Seguindo em frente, Freud postula que as memórias podem ser agrupadas em camadas em torno de um núcleo psíquico, e que durante a análise, cada vez que nos aproximamos desse foco, a resistência aumenta em grande escala. O indivíduo quer mudanças, mas parte dele(a) escapa a esta transformação e mudanças, porque entende ainda estar em certo equilíbrio com seus desacertos, espremendo uma relativa negação de seus impulsos instintivos, que o narcisismo visa manter vivos, principalmente, porque teme a incerteza dessa conversão. Os mecanismos humanos de defesa desenvolvidos contra os perigos, retornam na cura, esses arcabouços defensivos, tentam manter o controle, pela sexualidade e a agressividade natural e instintiva do nosso ser. Aqui, Carl Jung nos esclarece brilhantemente, “O que negamos nos submete, o que aceitamos, nos transforma, o que resistimos, persiste”. Esta frase resume magistralmente, a dinâmica entre o consciente e o inconsciente. Negar e resistir, é dar a algo uma classificação de maior relevância, a ponto de se tornar uma força orientadora da vida, por outro lado, acolher a realidade, liberta, nos permite redirecionar a vida positivamente. A resistência, só leva ao aprofundamento daquilo que não desejo enfrentar. Más, que em algum ponto da nossa trajetória será inevitável o confronto, ou então, não encontraremos a harmonia. O inconsciente e o mecanismo de repressão, ambos, dão origem ao fundamento das resistências durante a terapia.

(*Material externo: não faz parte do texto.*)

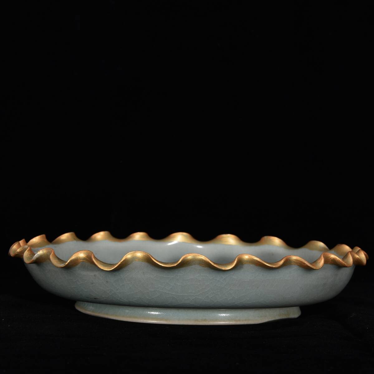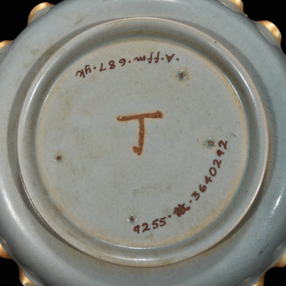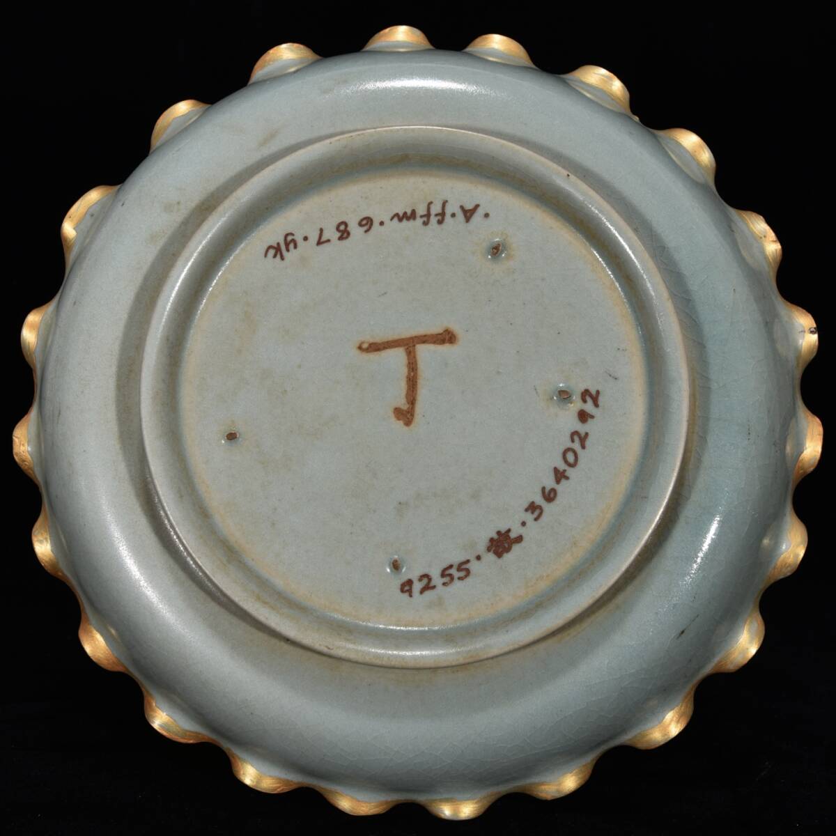 唐物 宋 汝窯 塗金刻像紋 花口洗 陶芸 古陶磁器 中国磁器 極細工 中国古玩 骨董品 古美味 D610
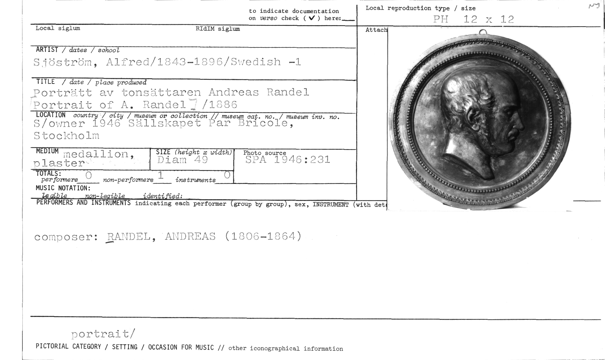 //// to indicate documentation //// on verso check (V ) here:___ //// Local reproduction type / size //// PH 12 x 12 //// Local siglum RIdIM siglum //// Attach //// ARTIST / dates / school //// Sjöström, Alfred/1843-1896/Swedish -1 //// TITLE / date / place produced //// orträtt av tonsättaren Andreas Randel 'Portrait of A. Randel -7/1886 //// LOCATION country7 city / museum or collection// museum cap. no. / museum inv. no. //// S/owner 1946 SällskapetPar Bricole, Stockholm //// MEDIUM medallion, //// piaster-- //// n"1346:231 //// SIZE (height x width) //// Diam 49 //// TOTALS: 0 //// per formers non-performers 1 instruments //// MUSIC NOTATION: //// le oible non-lecible identified: //// PERFORMERS AND INSTRUMENTS indicating each performer (group by group), sex, INSTRUMENT (with det //// composer: 12ANDEL, ANDREAS (1306-1864) //// nortrait/ //// PICTORIAL CATEGORY / SETTING / OCCASION FOR MUSIC // other iconographical information ////

Com o tempo, a psicanálise ampliou seu campo de estudo para analisar a personalidade 360º graus do paciente. A análise de caráter, se acopla como uma parte inevitável e desejável de todo tratamento analítico. À medida que a psicanálise se tornou mais rica, ampla e excitante, também se implicou mais enigmática, uma vez que a natureza da personalidade é um aspecto difícil de lidar. Isto é perfeitamente compreensível, se considerarmos que nossa estrutura é construída ao longo de nossas vidas, e, acima de tudo, que tem um propósito, de lidar da melhor maneira possível com as demandas internas e externas. O conceito de resiliência, não está exclusivamente ligado a uma chave que nos ajuda a encontrar uma solução para um problema, ou aquela verdade sobre o paciente que ele nem sequer conhece sobre si, ou um comportamento inato, que não estamos cientes de poder praticar, como Freud pensava no início. Pelo contrário, hoje em dia, está relacionado ao vínculo entre paciente e analista, onde o fenômeno é mais uma muralha à relação entre os dois, do que propriamente ao ''insight'' em si. Estas posições foram descritas especialmente por Bion, com sua ideia do ataque ao vínculo, e Meltzer, que define a resistência como algo que vai contra a intimidade, e a vincula à ausência de sonhos na sessão analítica.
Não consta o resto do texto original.